*Task description:*
Render every line of the data exactly as written, and leave out the pictures.

*Collected material:*
★ ★ ★
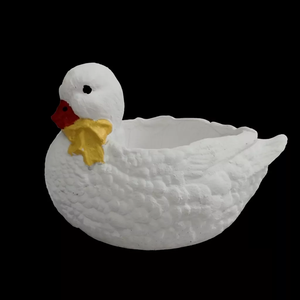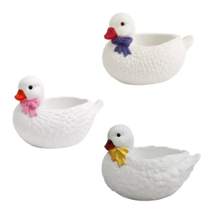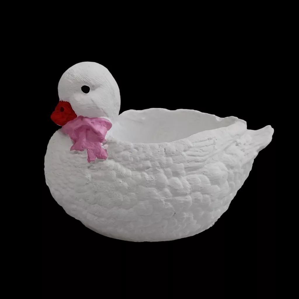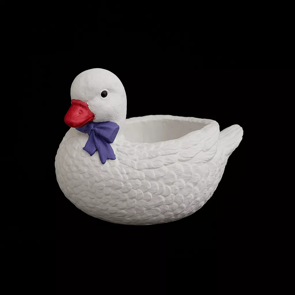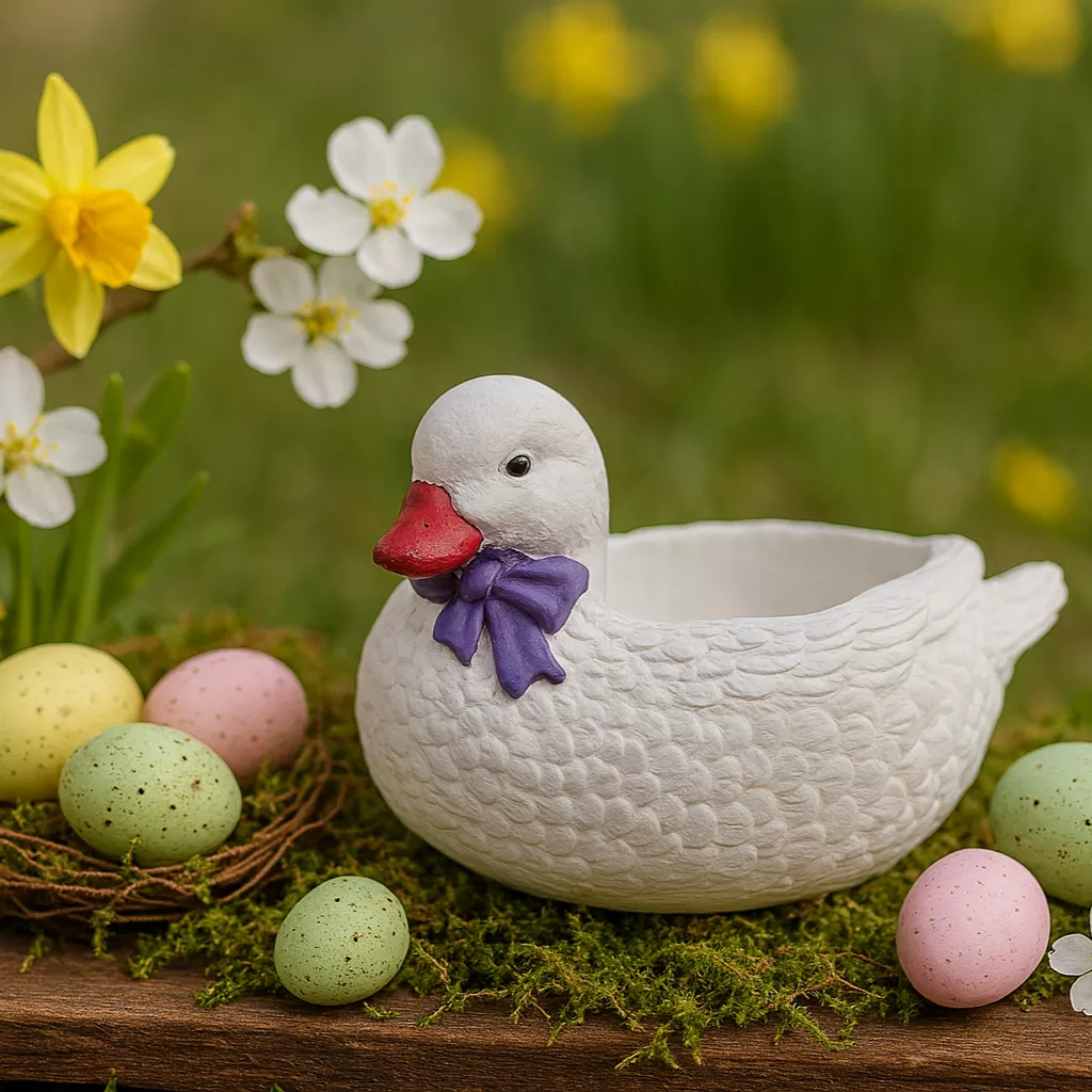 Urocza gipsowa kaczka ręcznie malowana z kokardką w trzech wariantach kolorystycznych – żółtym, fioletowym lub różowym. Idealna jako dekoracja domu, prezent lub element sesji zdjęciowych.
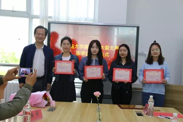 pp电子游戏官网团委副书记房征岩宣读了《pp电子游戏官网关于颁发“大爱无声”志学金的表彰决定》,8位同学及1个学生组织获得大爱无声志学金。陈崇研、杨洋、梁东辉、罗作汉为他们颁发大爱无声志学金证书。
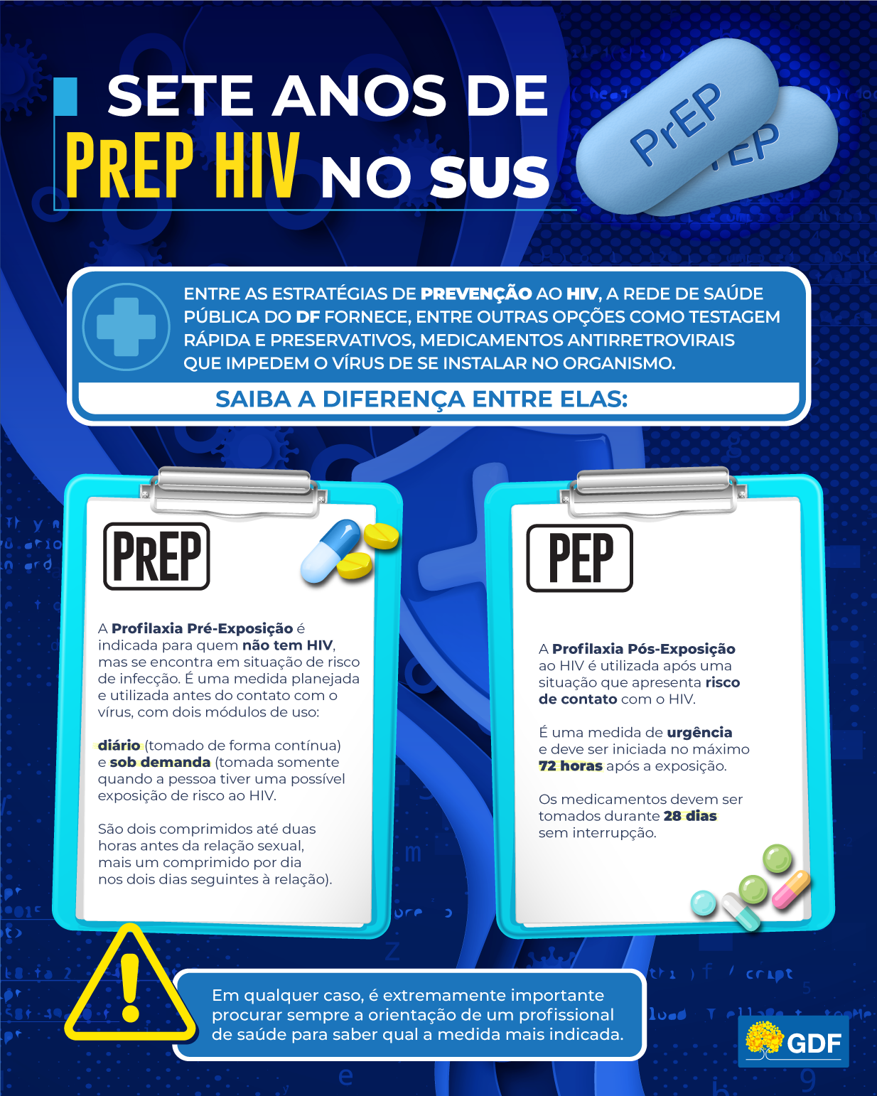 A estratégia de prevenção é eficaz e segura em pessoas com risco aumentado de adquirir a infecção e consiste no uso de medicamentos antirretrovirais (ARV). Disponível gratuitamente na rede pública de saúde desde 2018 em Brasília, a PrEP completa sete anos no Sistema Único de Saúde (SUS) e atualmente pode ser prescrita por qualquer médico ou enfermeiro do DF.
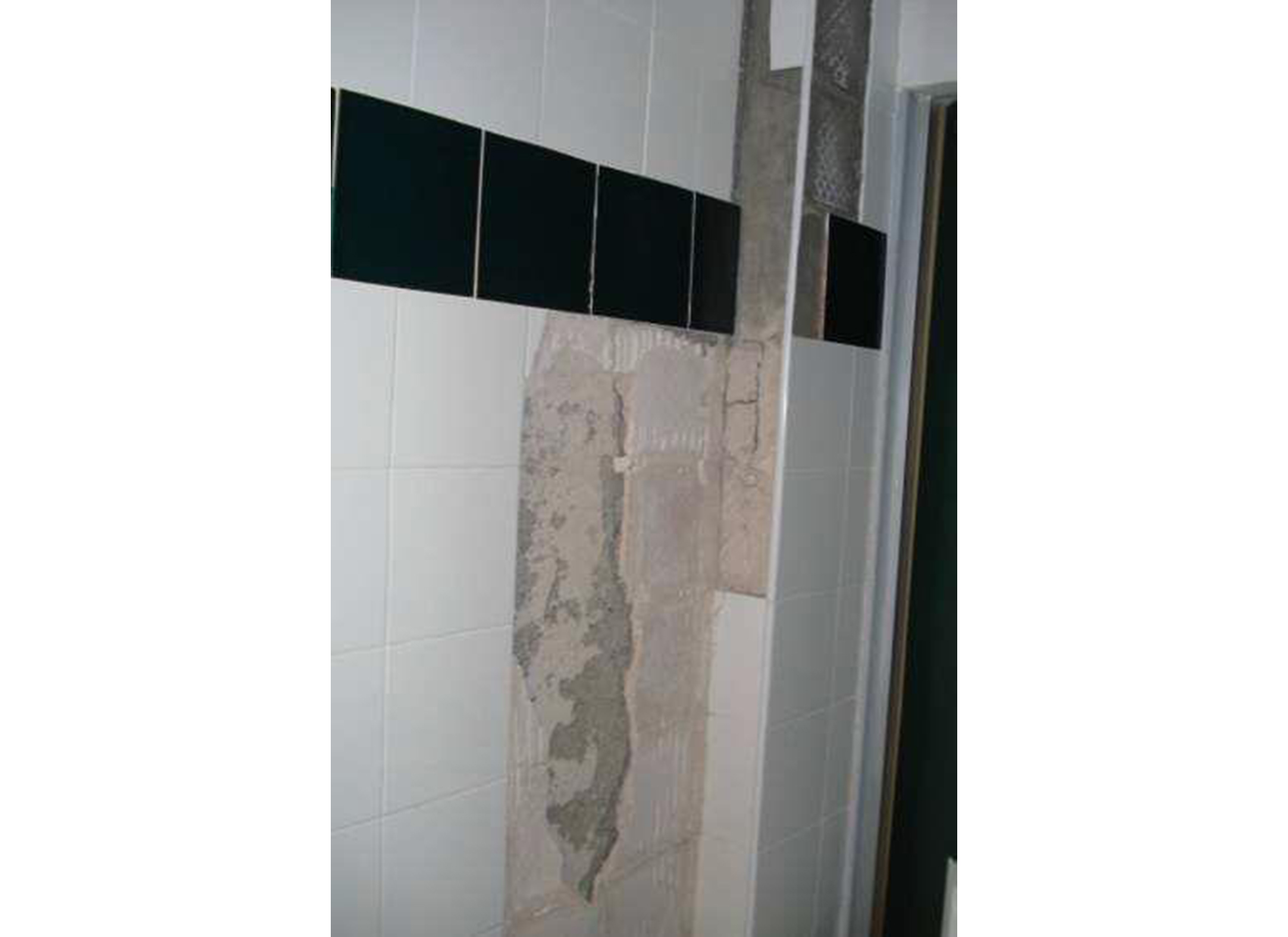 Fisuración, rotura y o desprendimientos de acabados continuos y discontinuos de particiones verticales por roturas de anclajes y/o pérdida de adherencia del material de agarre.
★ ★ ★
*Answer box:*
 Urocza gipsowa kaczka ręcznie malowana z kokardką w trzech wariantach kolorystycznych – żółtym, fioletowym lub różowym. Idealna jako dekoracja domu, prezent lub element sesji zdjęciowych.
 pp电子游戏官网团委副书记房征岩宣读了《pp电子游戏官网关于颁发“大爱无声”志学金的表彰决定》,8位同学及1个学生组织获得大爱无声志学金。陈崇研、杨洋、梁东辉、罗作汉为他们颁发大爱无声志学金证书。
 A estratégia de prevenção é eficaz e segura em pessoas com risco aumentado de adquirir a infecção e consiste no uso de medicamentos antirretrovirais (ARV). Disponível gratuitamente na rede pública de saúde desde 2018 em Brasília, a PrEP completa sete anos no Sistema Único de Saúde (SUS) e atualmente pode ser prescrita por qualquer médico ou enfermeiro do DF.
 Fisuración, rotura y o desprendimientos de acabados continuos y discontinuos de particiones verticales por roturas de anclajes y/o pérdida de adherencia del material de agarre.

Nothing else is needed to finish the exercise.